- Born: c. 1973; 53 years ago Swindon, United Kingdom
- Education: University of California, Santa Barbara
- Occupations: Entrepreneur, investor
- Known for: Founding of companies Zappos, Basecamp Fitness and investor in Golden State Warriors sports team

= Nick Swinmurn =

American businessman

Nick Swinmurn is an American entrepreneur and investor who is best known as the founder of the online shoe store company Zappos. He started the company in 1999 and left in 2006, before it reached $1 billion sales in 2008 and was sold to Amazon. He is also an investor in a number of sports teams in the United States and Europe.

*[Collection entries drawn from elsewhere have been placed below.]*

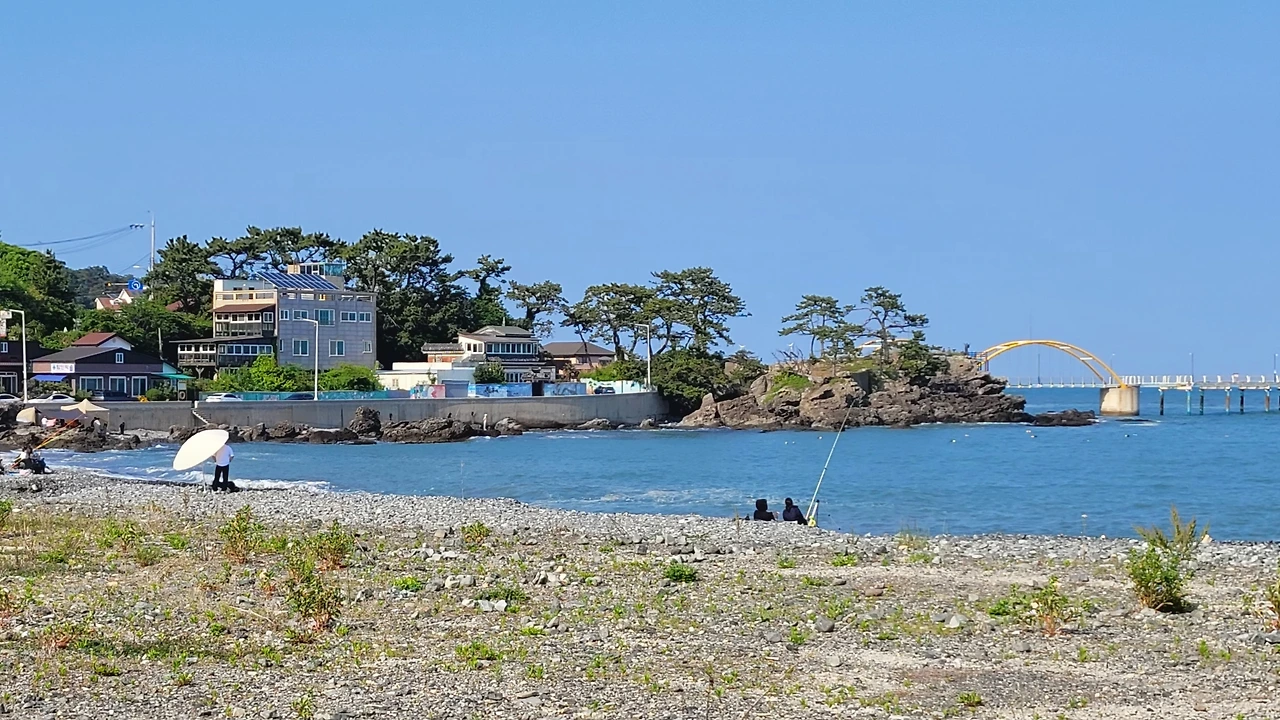 몽돌이 깔린 맑고 깨끗한 해변과 캠프장은 선돌바위, 노랑바위, 가는골바위, 갈막덤바위, 굴밑바위를 지나 어물항에 이르기까지 이어진다.
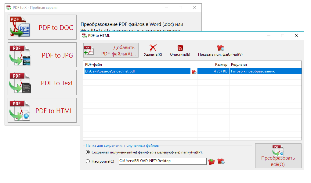 TriSun PDF to X 18.0 Build 074 — универсальный конвертер для преобразования PDF-документов в различные форматы, включая текстовые файлы, HTML, DOC и графические изображения. Программа поддерживает русский интерфейс, проста в использовании и не требует глубоких технических знаний. Подходит как для бытового использования, так и для работы с большими объемами документов.
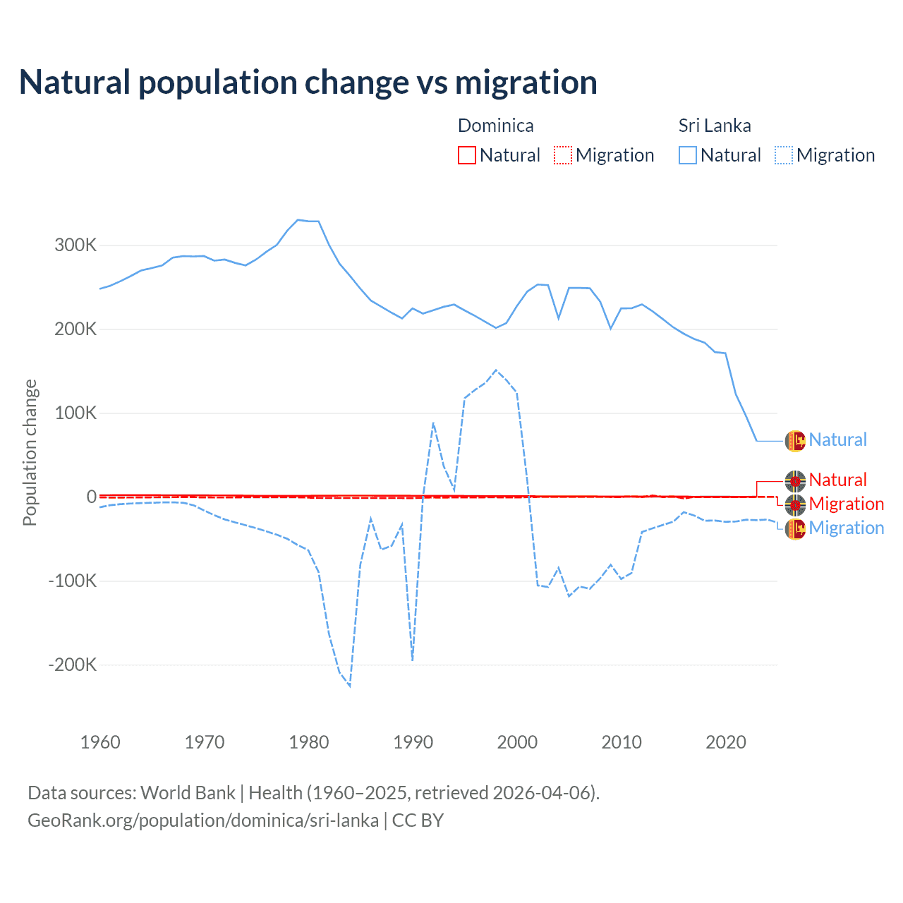 Over the last 10 years, 4.63% of the population change in Dominica is from natural causes (a loss of 190 people) and 95.4% is from migration (a loss of 3,914 people). In Sri Lanka 85.3% is from natural causes (a gain of 1,605,749 people) and 14.7% is from migration (a loss of 276,121 people).
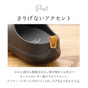 ・かかと部分に配置された、脱ぎ履きにも役立つキャメルのレザー調タグがアクセント。アンティークゴールドのリベットが、タグをかっこよく引き立てる!
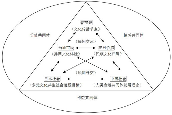 圖1是筆者構思的“春節祭品牌共同體模型”。文中的“品牌共同體”,區別于傳統地理意義上的地域型社區和市場營銷學中的消費社群,而是體現了“圍繞某一品牌(春節祭品牌)形成的人與人(在日僑胞與當地市民)、人與群體(在日僑胞與日本主流社會、當地市民與中國社會)、群體與群體(日本社會與中國社會)之間相互聯系、相互影響、相互作用的共同體(命運共同體)”的含義;微觀情境的相互關聯(中日民眾的民間交流)構成宏觀模式(中日兩國的民間外交)。春節祭品牌共同體得以實現也體現了日本多元文化共生社會建設目標與人類命運共同體發展理念的有機統一。
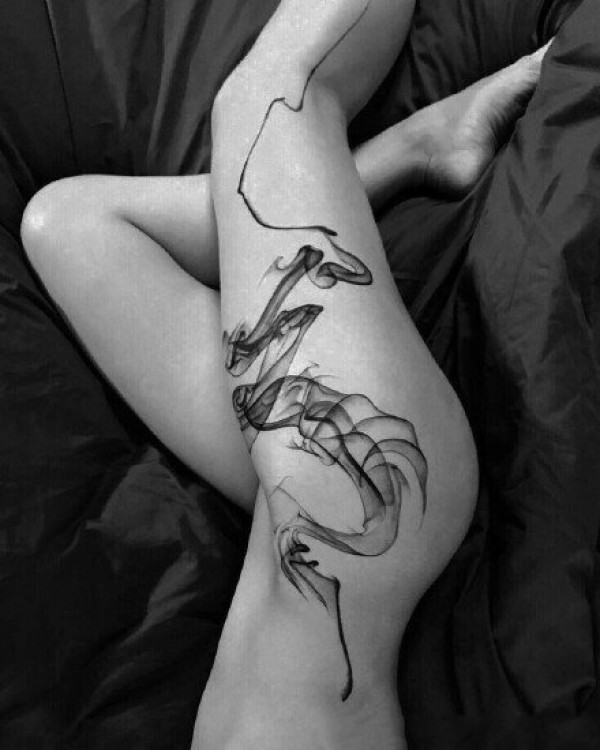 飘逸的黑色浓烟雾风格的水墨纹身作品图案

==Early life and education ==
Swinmurn was born in England and moved to the United States at the age of seven, growing up in the Bay Area of California. His father was an engineer and his mother was a teacher. He graduated from Los Altos High School and proceeded to earn a degree in Film Studies from the University of California, Santa Barbara, in 1995.

== Career ==
After college, Swinmurn initially worked in ticket sales for the San Bernardino Stampede minor-league baseball team and then for the San Diego Padres.

He then returned to northern California and worked at Autoweb.com, saying he was inspired by the 'anything is possible' attitude of the founders. He left Autoweb in 1998 and considered other options such as running a portal for students before finally deciding to start Zappos.

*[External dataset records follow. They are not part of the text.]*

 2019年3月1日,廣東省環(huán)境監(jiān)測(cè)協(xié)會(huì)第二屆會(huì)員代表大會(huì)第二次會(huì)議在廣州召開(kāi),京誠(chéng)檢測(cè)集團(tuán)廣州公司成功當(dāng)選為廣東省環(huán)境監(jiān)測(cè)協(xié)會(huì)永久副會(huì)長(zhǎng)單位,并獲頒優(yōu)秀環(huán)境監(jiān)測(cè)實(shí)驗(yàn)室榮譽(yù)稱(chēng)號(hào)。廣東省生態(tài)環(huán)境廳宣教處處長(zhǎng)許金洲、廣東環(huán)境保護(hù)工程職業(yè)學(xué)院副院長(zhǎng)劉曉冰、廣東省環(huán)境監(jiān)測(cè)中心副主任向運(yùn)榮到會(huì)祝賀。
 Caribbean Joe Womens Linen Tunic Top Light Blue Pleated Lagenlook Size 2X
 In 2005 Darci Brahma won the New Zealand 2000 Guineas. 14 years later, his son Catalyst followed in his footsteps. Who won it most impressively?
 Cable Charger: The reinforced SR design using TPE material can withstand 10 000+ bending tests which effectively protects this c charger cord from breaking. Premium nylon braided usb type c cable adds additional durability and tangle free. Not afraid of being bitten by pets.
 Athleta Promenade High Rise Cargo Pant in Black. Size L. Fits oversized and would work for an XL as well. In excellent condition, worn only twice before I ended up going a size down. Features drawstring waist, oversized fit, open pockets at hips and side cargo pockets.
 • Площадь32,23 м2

Swinmurn worked as a contractor for Silicon Graphics in order to raise funds for an online shoe store, initially called Shoesite.com. He started Zappos in 1999.

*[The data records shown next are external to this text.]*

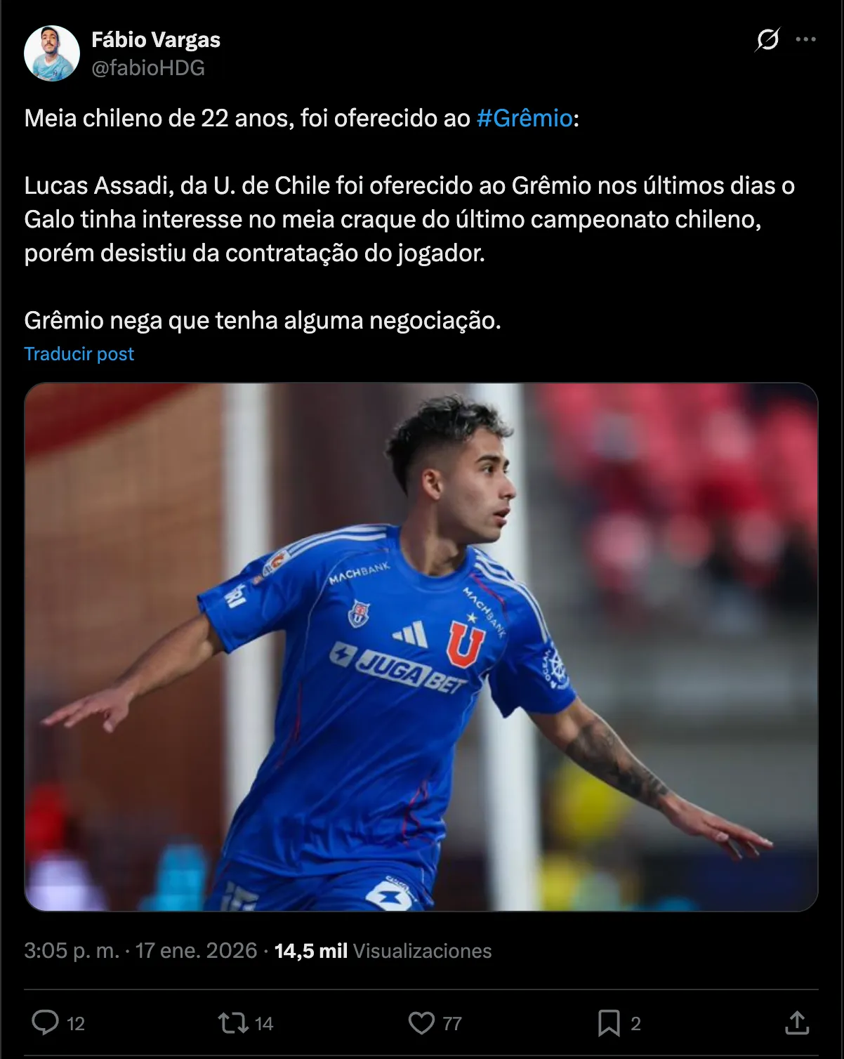 “Lucas Assadi, de Universidad de Chile, fue ofrecido a Gremio hace poco. El Atlético Mineiro se había interesado en el mediocampista estrella del último campeonato chileno, pero desistió de ficharlo. Gremio niega tener alguna negociación“, puntualiza el reportero.
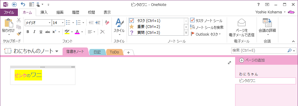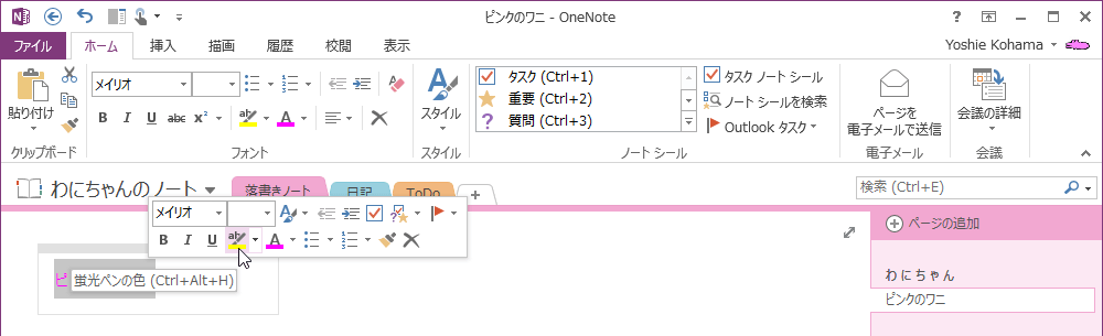 OneNote 2013で太字にしたり、斜体文字にしたり、下線をつけたりするには、対象となる文字を選択して、[ホーム]タブを開き、[フォント]グループのそれぞれのボタンを利用するか、ミニツールバーを利用します。リボンコマンドが非表示の場合は、ミニツールバーの利用が便利です。
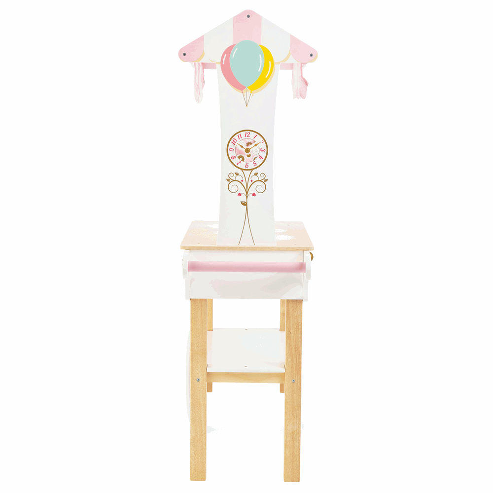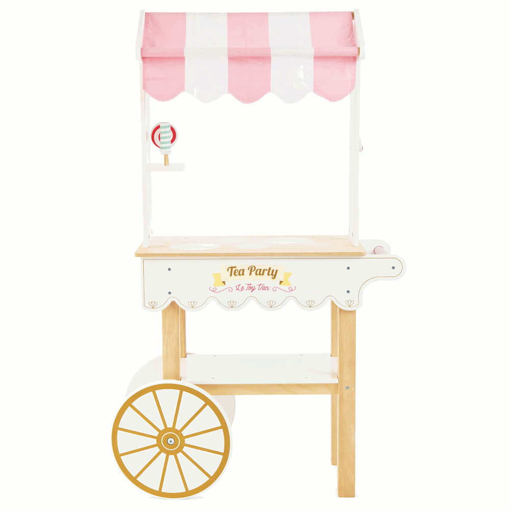 Zeit für Tee! Eingehüllt in ein rosé-weiß gestreiftes Stoffdach und mit einer geheimen Schublade. Ein klassischer Karrenwagen mit zwei Rädern und Griff. Einzigartige Kunstwerke schmücken den Trolley, darunter herrlich illustrierte Getränke- und Kuchenmenüs auf beiden Seiten. Eine goldene Farbe verleiht dem Nachmittagstee den richtigen Stil. Passend zur preisgekrönten Honeybake-Kollektion von LE TOY VAN (separat erhältliche Artikel).Altersempfehlung: ab 3 JahreAbmessungenB:685mm L:325mm H:1140mm
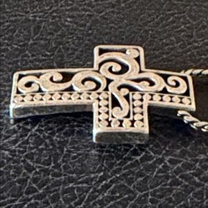 The influences of fine Balinese jewelry artistry are reflected in intricate scrollwork in this silver plated cross. Each Brighton jewelry piece is cast in solid brass or zinc alloy and is plated in pure silver. Since silver has a natural tendency to tarnish (oxidize) and scratch, a protective layer of lacquer is added. Amazing condition, lots of TLC. Beautiful cross on necklace with link extender. Lobster claw closure (clasp works perfectly). Barely signs of “wear” in parts of cross (same has been professionally steamed and polished). Box and new cloth are included. Gift(s) included with purchase. Should you have any questions, please do not hesitate to ask. Thanks for visiting my closet. 💐
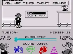 Andy has to acquire money to give to his wife from various sources, as he has already spent his unemployment benefit, while consuming as much alcohol as possible and avoid getting arrested for various crimes (like punching his wife and beating up police officers).[3] Money is assigned to the player in British pounds and kisses are used to control various non-player characters. Running out of kisses or alcohol means that the game instantly ends with a game over.[3] The time is given in the 24-hour clock format (00:00-23:59 and excluding the AM/PM formats) while the days of the weeks are organized from Monday to Friday.
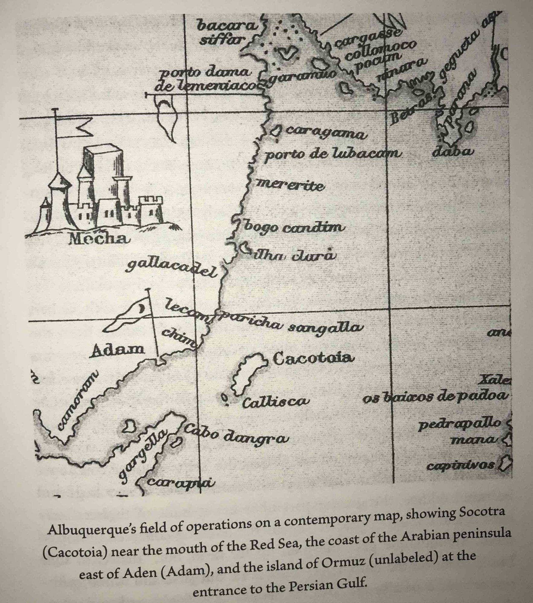 Anyway, Crowley tells us (p.170) that the new instructions sent with the 1506 sailing specified that this expedition should guard the mouth of the Red Sea and capture Muslim cargo ships, as before, but should also “establish treaties in places that seem useful. such as Zaila, Barbara, and Aden, also go to Ormuz, and to learn everything about these parts.”

Swinmurn left Zappos in 2006 and started a number of companies, some successful and others not. He was the founder of Basecamp Fitness which was acquired by SE Brands in 2018. He also founded Dethrone Royalty, which is now owned by his brother Dan and caters to fans of mixed martial arts.

==Sports team ownerships==
Swinmurn is an investor in the Golden State Warriors and Leeds United F.C. ownership groups.

He previously owned the San Jose Earthquakes affiliate Burlingame Dragons FC and was the majority investor in FC Helsingør prior to its sale to a local Danish group.